▶ **What you should do**:
Images are not part of the copy; transcribe all the data exactly.

▶ **Data segment**:
[Start of Attachment]
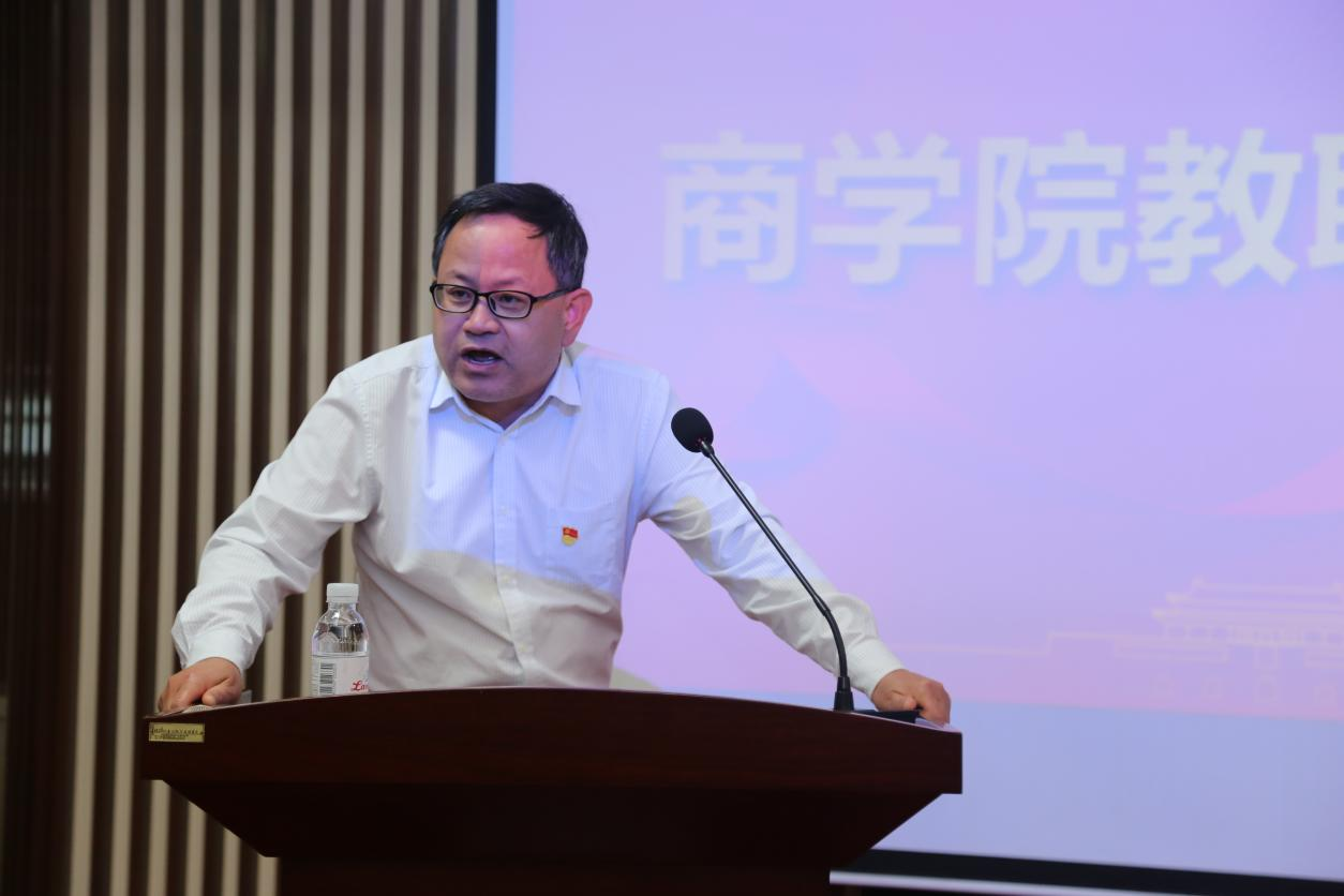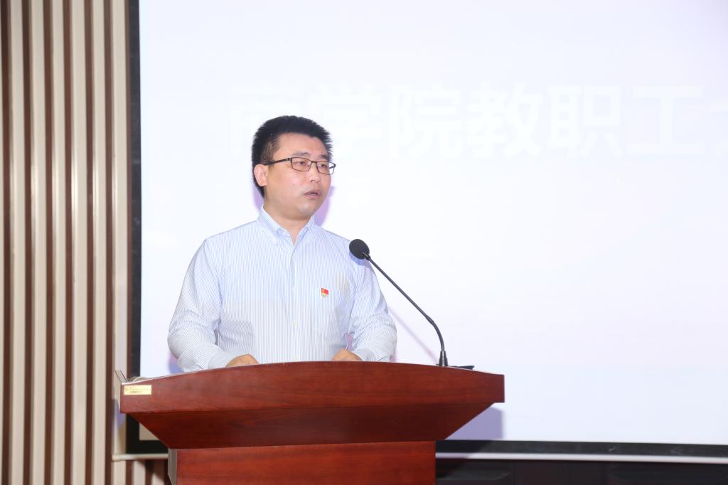 会议伊始,王粲向全体教职工汇报了学院整体工作,向学院全体教职工介绍了学院新进教师和学校党委对商学院领导班子的调整以及分工情况。
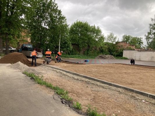 На детской площадке на улице Энгельса приступили к укладке резинового покрытия
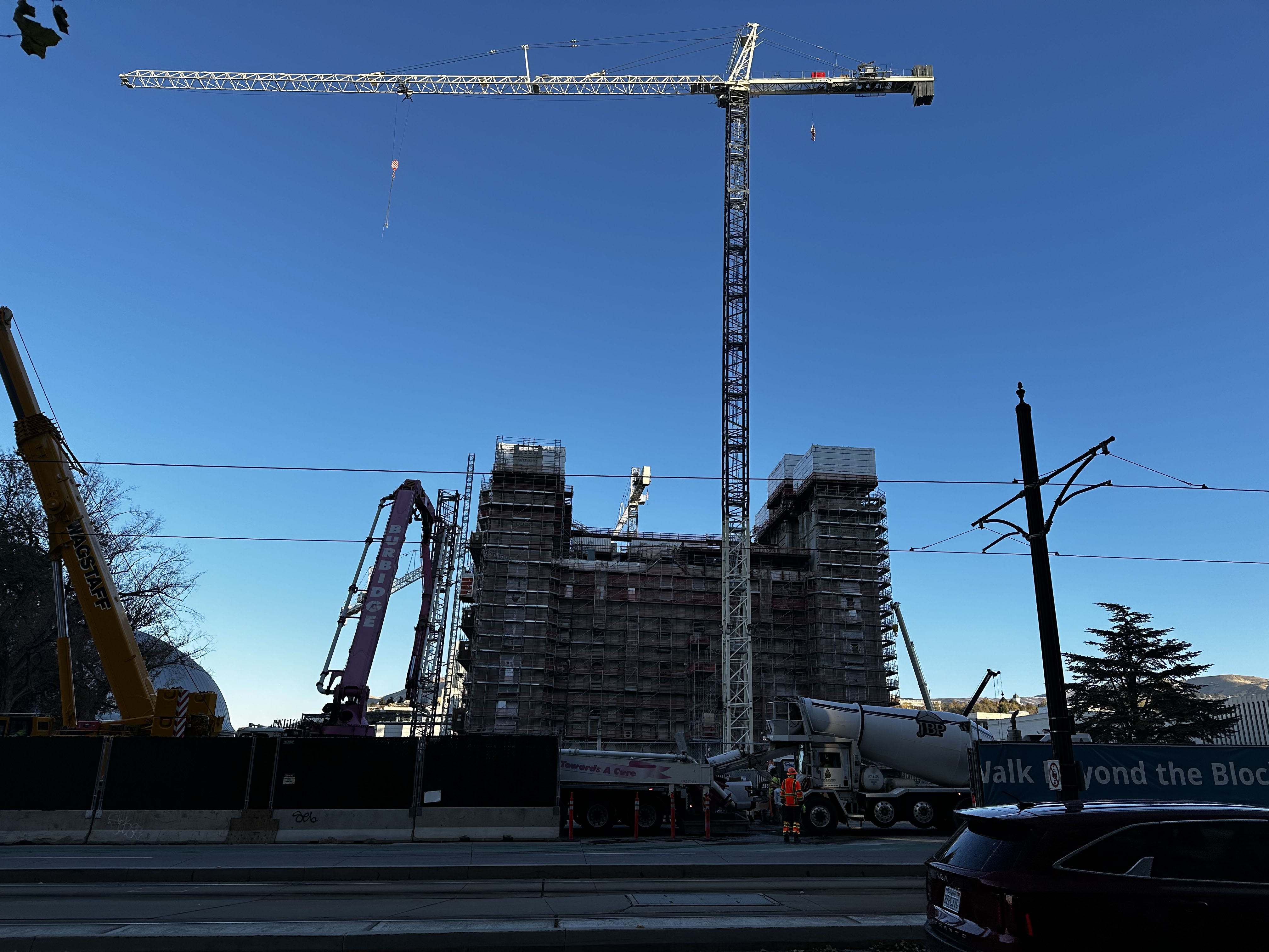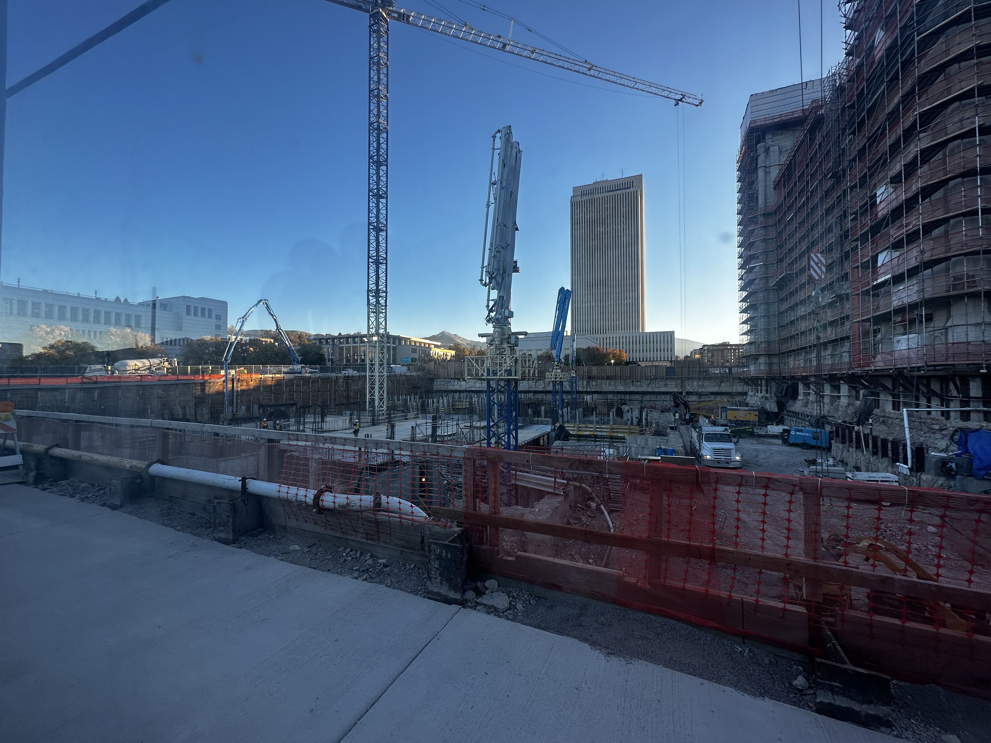 There are now tower cranes galore above Temple Square. This photo was Taken from the southeast corner of North Temple and Main Street.
[End of Attachment]
▶ **Result for this task**:
 会议伊始,王粲向全体教职工汇报了学院整体工作,向学院全体教职工介绍了学院新进教师和学校党委对商学院领导班子的调整以及分工情况。
 На детской площадке на улице Энгельса приступили к укладке резинового покрытия
 There are now tower cranes galore above Temple Square. This photo was Taken from the southeast corner of North Temple and Main Street.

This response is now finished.